The closer I get to integrating this memory, the easier it is to notice when I’m searching for proof that something was wrong with me, that it was my fault. I was a terrible child with a good Mother. This is the false logic that hides the awful truth; she was cruel.

The drive to make my Mother good is so strong. My therapist brought it to my attention again today when I said my Mother was "out of control" in the memory I'm integrating.

While it absolutely felt that way to my four year old self, my therapist pointed out how in control my Mother really was. How she had a pattern of getting me alone so she could abuse me without any witnesses. It only felt out of control because she wanted me to feel that way.

11May/200

Therapy Eve

The night before trauma therapy the day after Mother's Day; I feel really tired. Have had the heavy feeling much of the day, wading through tar pits in order to do any work, physical or mental.

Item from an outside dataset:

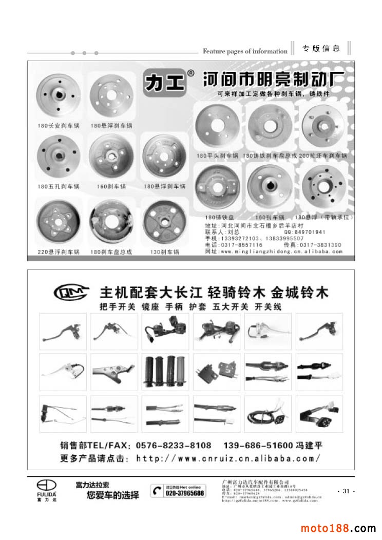3、《中國摩托車配件生產企業大全(網址總匯)》第十一次升級版,在會上及各大市場同時發送。全國大市場還會送書上門,沒參會的企業可在門上坐等,愿意付郵費(快遞到付也可)的企業我們都會快遞送達。

It's all that and the USA death toll at nearly 80,000 and rising. Even as the rate slows, states reopen and keep the danger high.

Then there's this brave act:

I shared in an online community of adaptive teachers today that I may not return to teaching in person until there is a vaccine. I specialize in helping older adults; I can't encourage them to gather in even a small group! It's the first time I've shared it publicly. It's so sad; I miss seeing my students so much.

7May/200

Pride

I have a hard time feeling proud of my accomplishments. I'm sure it's part of the deep feeling that I'm not worthy of care, but in the case of teaching related accomplishments it really hits hard.

I could be happy about bonuses and raises when I was in the tech industry. There were trackable evidence that I worked my ass off. This monetary reward for good behavior didn't flip me into shame and misery.

Teaching though, humans telling me that what I'm doing is life changing is hard. Hardest still, people giving me money and wanting to support me. It creates cognitive dissonance between the evidence of my value and worth against the message that I’m not worthy of care or protection, my needs are potentially dangerous, and my opinions are subject to derision.

6May/200

In Retrospect

After feeling so terrible yesterday I had some insights I’m still integrating.

Trauma Brain "works" according to Childhood Logic. Here is what seems to happen:

Students send me beautiful notes and donations for teaching online and keeping community going. Related: contribute money for my training.

I meltdown in anxiety, shame, despair, and feeling like I’m a failure and a terrible person until I'm nauseous, can't eat, & get weepy.

Further compounding the misery, I can’t ask for help. Trauma Brain is constantly reminding me that asking for what I need is A) Dangerous physically or mentally or both, B) No One Will Help, because C) You’re not worthy of having you needs met.

And then comes despair.

Today was better. I discovered a great photo I got of a bee butt in the garden and I did a hard thing successfully, I even felt successful!

2May/200

Smoke and Mirrors

I’m realizing more and more how childhood logic created my belief that I’m utterly toxic. It explained why people left, it explained why my Mother hurt me, and keeping it propped up was less painful than confronting the feeling that I’m worthless.

This logic comes up when I find myself walking through my Mother’s last years of her life. I catch myself in the act of noting all the ways I failed to heal her. I notice that I’m sure I hastened her death.

My “core of toxic danger” is a smoke screen. Something easier to work with since I get to just blamed myself. Accepting I have this deep chasm of worthlessness is so painful that of rather be blaming myself for her death than accept that her abuse told me again and again I was worthless.

The more I keep going into it, the more clearly I see that the core message of my early childhood was that I was worthless, or, as as my Mother was fond of saying*, “You’re more trouble than you’re worth!”

*If called on saying things like this, my Mother, and other family members would reply, “I’m joking! Don’t be so sensitive, can’t you take a joke?!”